◆ PROBLEM REQUIREMENTS ◆
Please restate word for word the lines from the top of the entries through the line that contains "レザー シャツ ジャケット ルーズ フェイク エッジィ (MA707)σ,ς*", and do not include any pictures.

Excerpts from a dataset
# # # # #
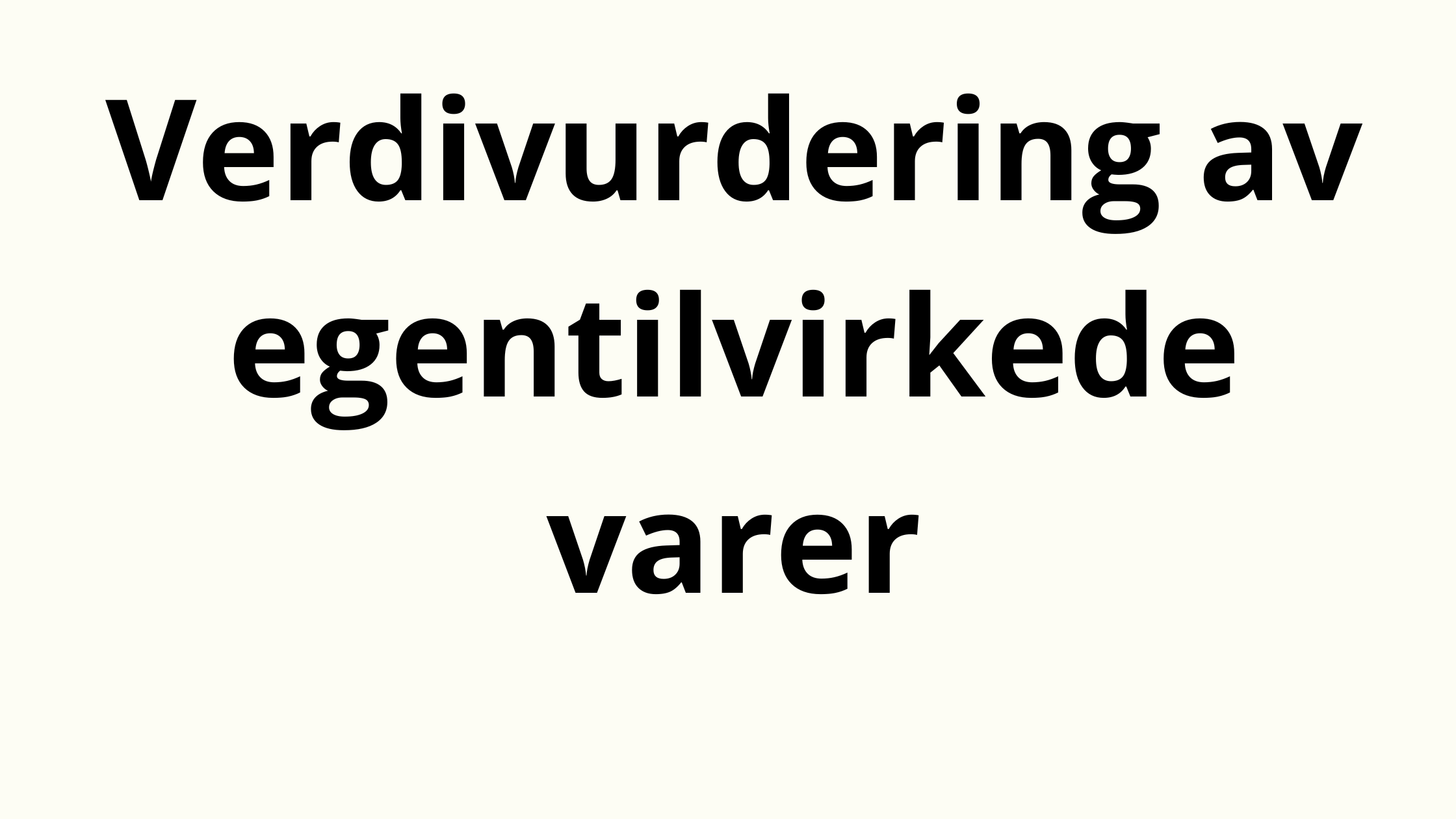 Hovedregelen for verdivurdering av egentilvirkede varer er at verdien skal settes til virkningskost. Det betyr at alle direkte kostnader skal tas med (materialer og lønn), og i tillegg kommer de indirekte kostnadene i tilvirkningen, både faste og variable.
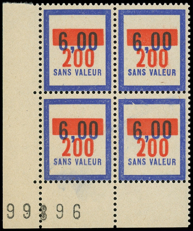 6,00 outremer, BLOC de 4 cdf numéroté, RR, TB (Image)
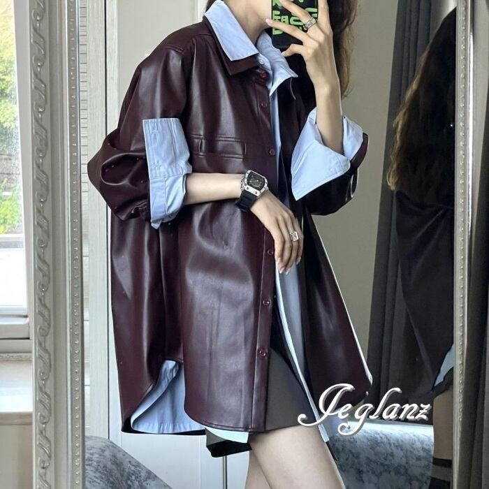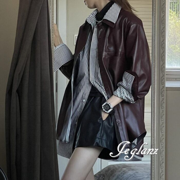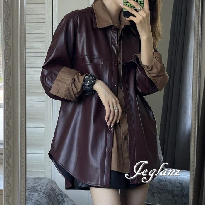 レザー シャツ ジャケット ルーズ フェイク エッジィ (MA707)σ,ς*
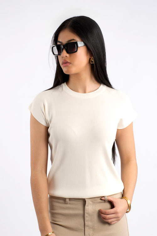 Crew Neck Cap Sleeve Knit T-Shirt - Cream
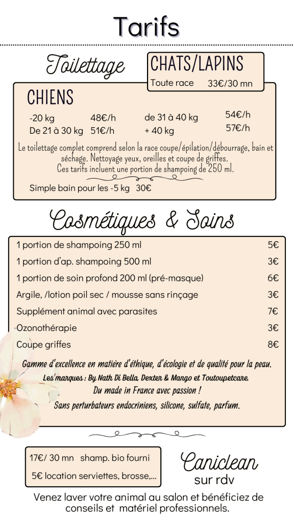 Le toilettage est facturé en fonction du temps consacré. Une facturation plus juste et représentative du travail accompli.
# # # # #
◆ RESULT ◆
 Hovedregelen for verdivurdering av egentilvirkede varer er at verdien skal settes til virkningskost. Det betyr at alle direkte kostnader skal tas med (materialer og lønn), og i tillegg kommer de indirekte kostnadene i tilvirkningen, både faste og variable.
 6,00 outremer, BLOC de 4 cdf numéroté, RR, TB (Image)
 レザー シャツ ジャケット ルーズ フェイク エッジィ (MA707)σ,ς*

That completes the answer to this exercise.